Emotional Text-to-Speech (E-TTS) synthesis has garnered significant attention in recent years due to its potential to revolutionize human-computer interaction. However, current E-TTS approaches often struggle to capture the intricacies of human emotions, primarily relying on oversimplified emotional labels or single-modality input. In this paper, we introduce the Unified Multimodal Prompt-Induced Emotional Text-to-Speech System (UMETTS), a novel framework that leverages emotional cues from multiple modalities to generate highly expressive and emotionally resonant speech. The core of UMETTS consists of two key components: the Emotion Prompt Alignment Module (EP-Align) and the Emotion Embedding-Induced TTS Module (EMI-TTS). (1) EP-Align employs contrastive learning to align emotional features across text, audio, and visual modalities, ensuring a coherent fusion of multimodal information. (2) Subsequently, EMI-TTS integrates the aligned emotional embeddings with state-of-the-art TTS models to synthesize speech that accurately reflects the intended emotions. Extensive evaluations show that UMETTS achieves significant improvements in emotion accuracy and speech naturalness, outperforming traditional E-TTS methods on both objective and subjective metrics.
Paper Structure (18 sections, 3 equations, 3 figures, 2 tables)
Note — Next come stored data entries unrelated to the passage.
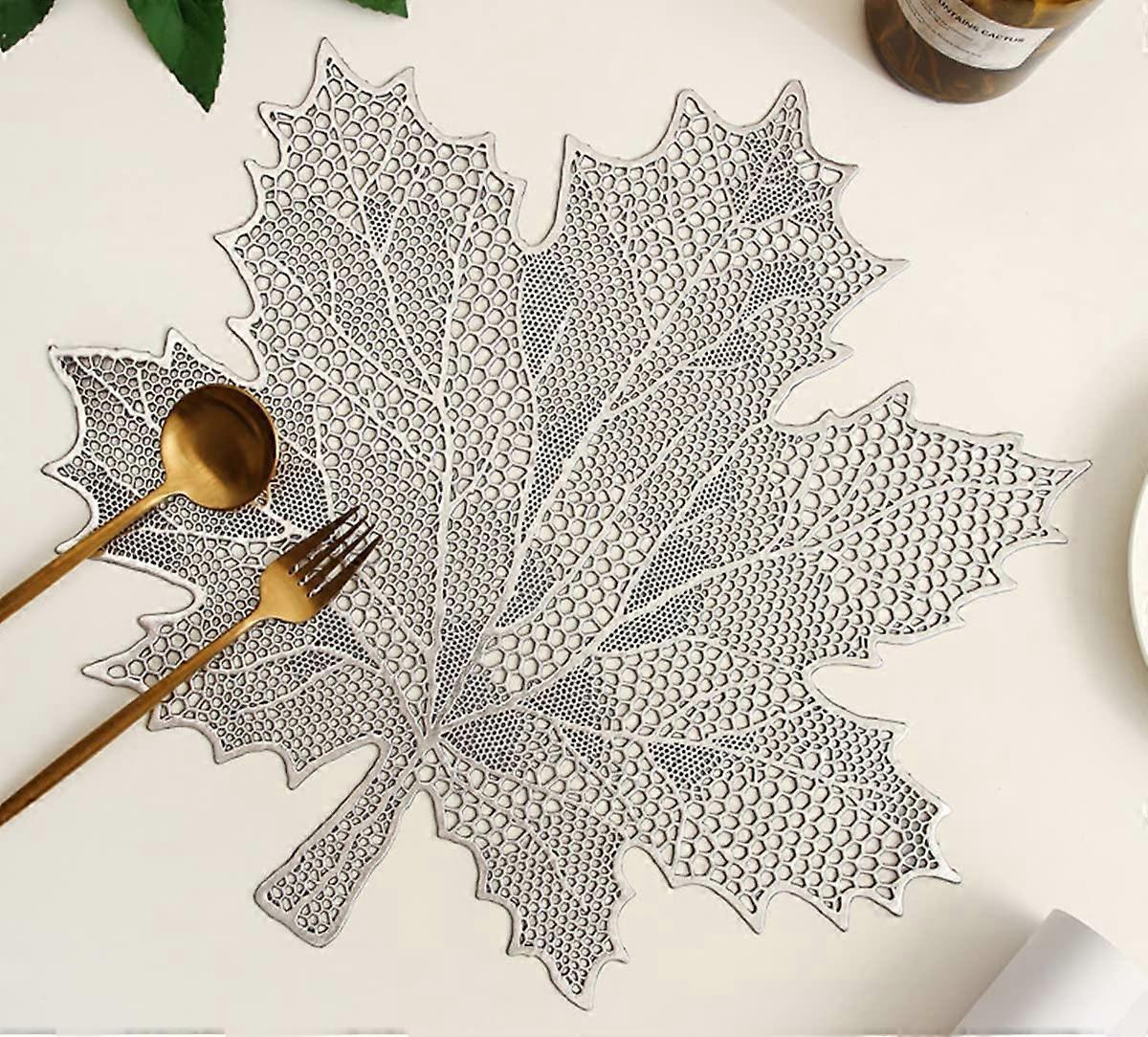 LINLIN 4 Pack Leaf Shaped Placemats PVC Placemats Hollow Dining Table Place Mats Heat Resistant Non-slip Dining Placemats Table Mats
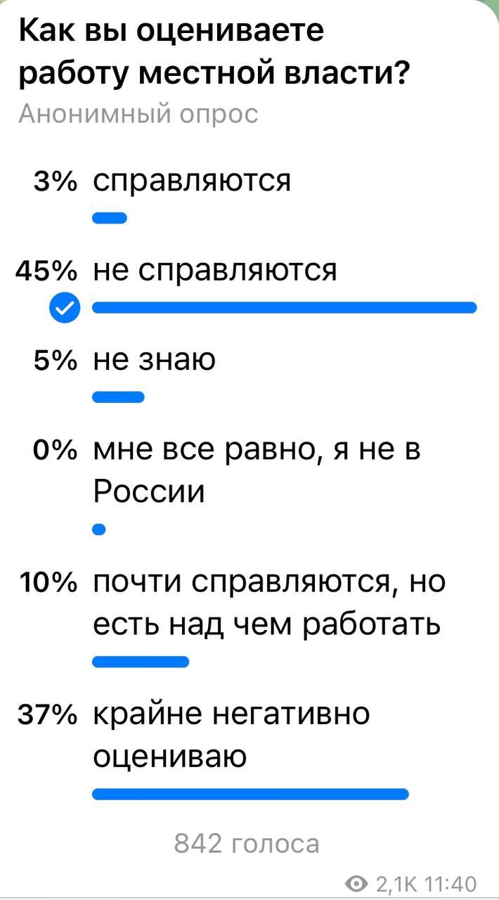 Прошел опрос об оценке работы местной власти. Из 2100 человек проголосовало 842 человека. Оценка негативная в целом: 45% не справляются, 37% крайне негативно оценивают работу властей. Почти позитивно и позитивно высказались: 10% почти справляются со своими обязанностями и 3% справляются.
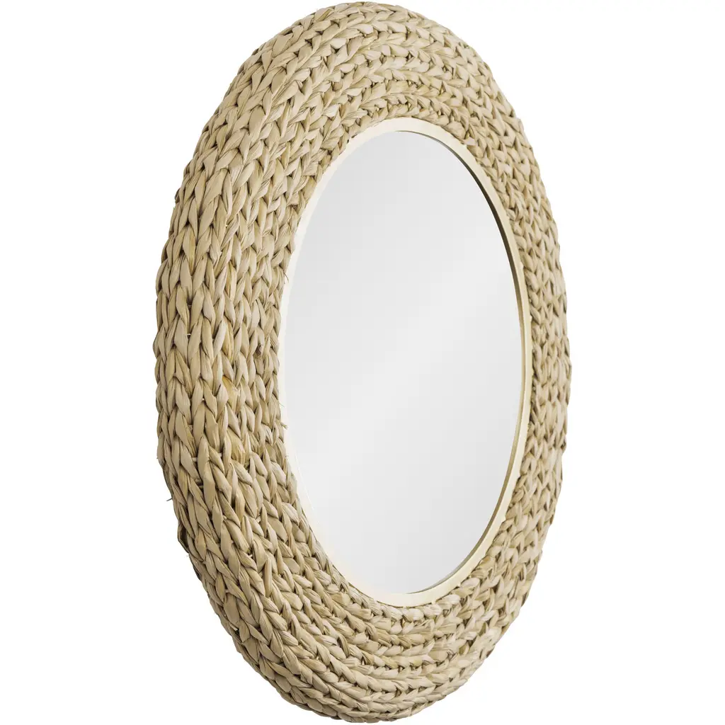 A stunning piece of functional art that captures the essence of Greek mythology and sustainable craftsmanship. Crafted with meticulous care, this hand-made mirror is a testament to the artistry of skilled artisans who have woven together two distinct elements - sea grass and recycled steel - to create a unique and visually captivating piece. Inspired by the intricate braids adorning the hair of the Greek goddess Athena, this mirror embodies elegance, strength, and sustainability in perfect harmony. Available with a hand applied midnight blue stain with matte black accents or a natural seagrass with French gold accents and in a variety of sizes.
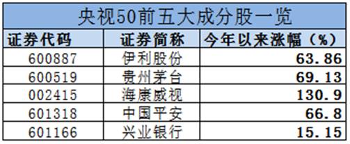 该指数成分股今年以来表现强劲。其中,前五大成分股分别为伊利股份、贵州茅台、海康威视、中国平安、兴业银行。截至10月17日,这些个股今年以来涨幅分别达到63.86%、69.13%、130.9%、66.8%、15.15%。
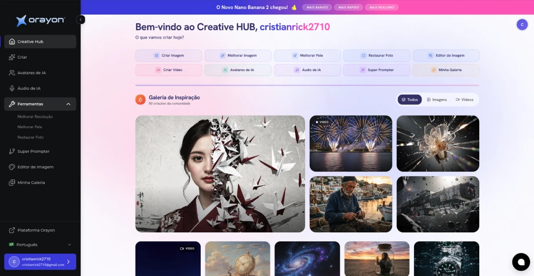 Hub com as melhores IAs + 800 Créditos
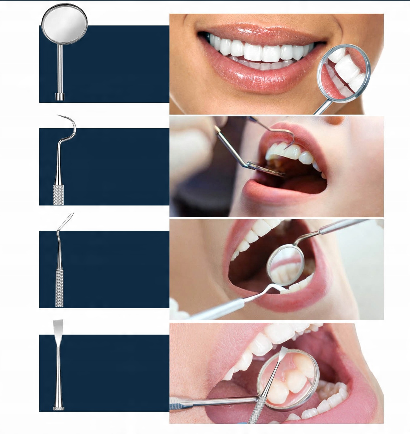 Тимчасовий набір для ремонту зубів, включаючи зубчастий зубний інструмент, дзеркало для деталізації порожнини рота, кутовий зонд і скребок для чищення зубів, достатній для видалення плям у ротовій порожнині на зубах або між зубами для домашнього сімейного використання
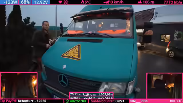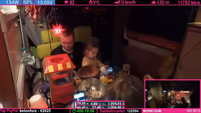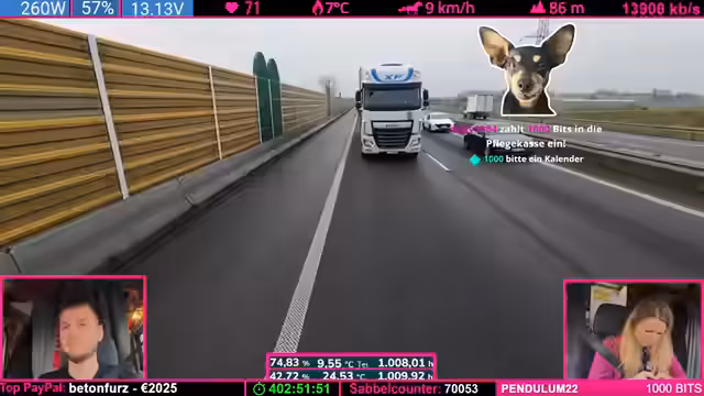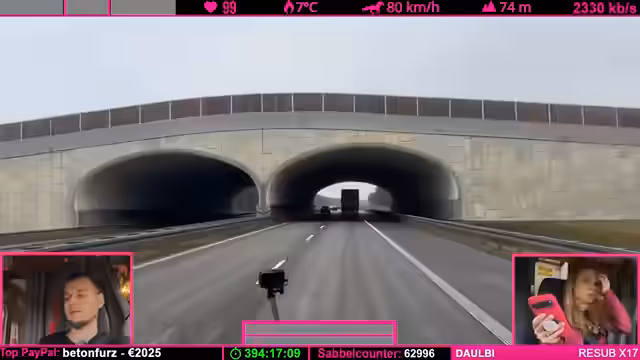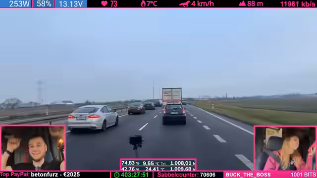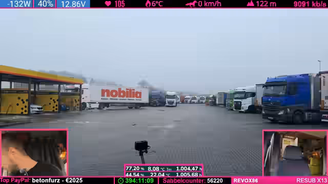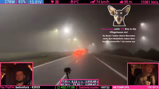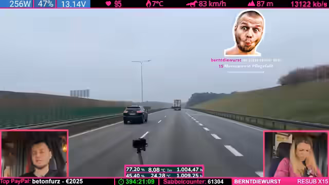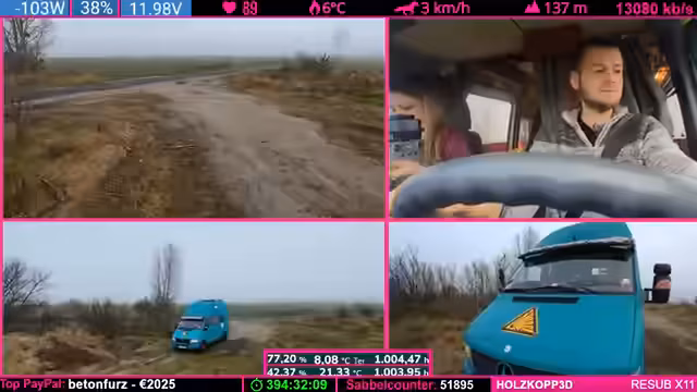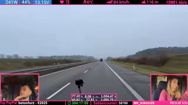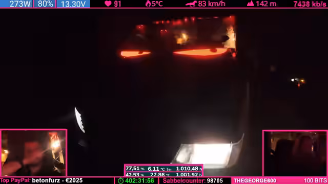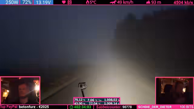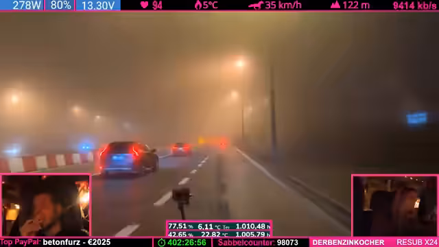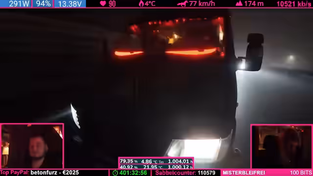 07:33:38Zwischen technischen Diskussionen wurde der Austausch mit der Community fortgesetzt. Themen wie die Verteilung von Postkarten an langjährige Supporter, der Umgang mit Moderatoren im Chat und lustige Anekdoten aus früheren Streams lockerten die Stimmung auf. Gleichzeitig wurde die Route angepasst, um Gasquellen effizienter anzusteuern, und über die schlechte Beleuchtung des Sprinters geklagt. Der Streamer kündigte außerdem an, bald mit dem Kochen zu beginnen und dafür eine Brustkamera einzusetzen.
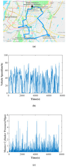 As shown in Figure 2a, the cyclic test route started and ended at Nanjing University of Aeronautics and Astronautics (marked by A) and passed by four different universities located in Nanjing (marked by B, C, D, and E, respectively). The test route mainly contains urban and rural road types. Highways were intentionally avoided as much as possible since the driving condition was smoother in urban and rural conditions, where braking maneuvers seldom occurred. The overall distance and the average velocity of the test route are around 29 km/h and 60 km, respectively. The required signals listed in Table 1 were collected at a sample frequency of 10Hz from a control area networks (CAN) bus using CANcaseXL (Vector co., Ltd., Germany). A total of 75411 data sets were collected. In Figure 2b, it can be seen that the velocity and MCP profiles present no periodic acceleration or deceleration compared with standard driving conditions, which reflects the fluctuation of vehicle speed and braking intensity with different degrees of road congestion under real driving conditions.

This paper contains 18 sections, 3 equations, 3 figures, 2 tables.

Figures (3)

  • Figure 1: Top: The UMETTS framework adeptly synthesizes speech by incorporating emotional cues from multiple modalities, ensuring the output speech consistently conveys the intended emotions. This capability is exemplified through our multimodal references, accessible by clicking the respective links: https://github.com/KTTRCDL/UMETTS/tree/main/demo/static/demo_image/reference_image.png, https://github.com/KTTRCDL/UMETTS/tree/main/demo/static/demo_video/reference_video.mp4, https://github.com/KTTRCDL/UMETTS/tree/main/demo/static/demo_audio/reference_audio.wav, and https://github.com/KTTRCDL/UMETTS/tree/main/demo/static/demo_audio/demo.wav. [Click on brackets to access source files]. Bottom: Emotion speech synthesizes by Style Transfer Model.
  • Figure 2: The Overview of UMETTS Framework. UMETTS consists of two components: 1) Multimodal Emotional Prompt Alignment (EP-Align) and 2) Emotion embedding-induced TTS (EMI-TTS). EP-Align involves multimodal emotional presentation alignment, empowering EMI-TTS with multimodal emotional information-inducing audio synthesis.
  • Figure 3: Left: Confusion matrix of MELD multi-modal emotion alignment with EP-Align. Right: Samples of RAF compound emotion images aligned with EP-Align.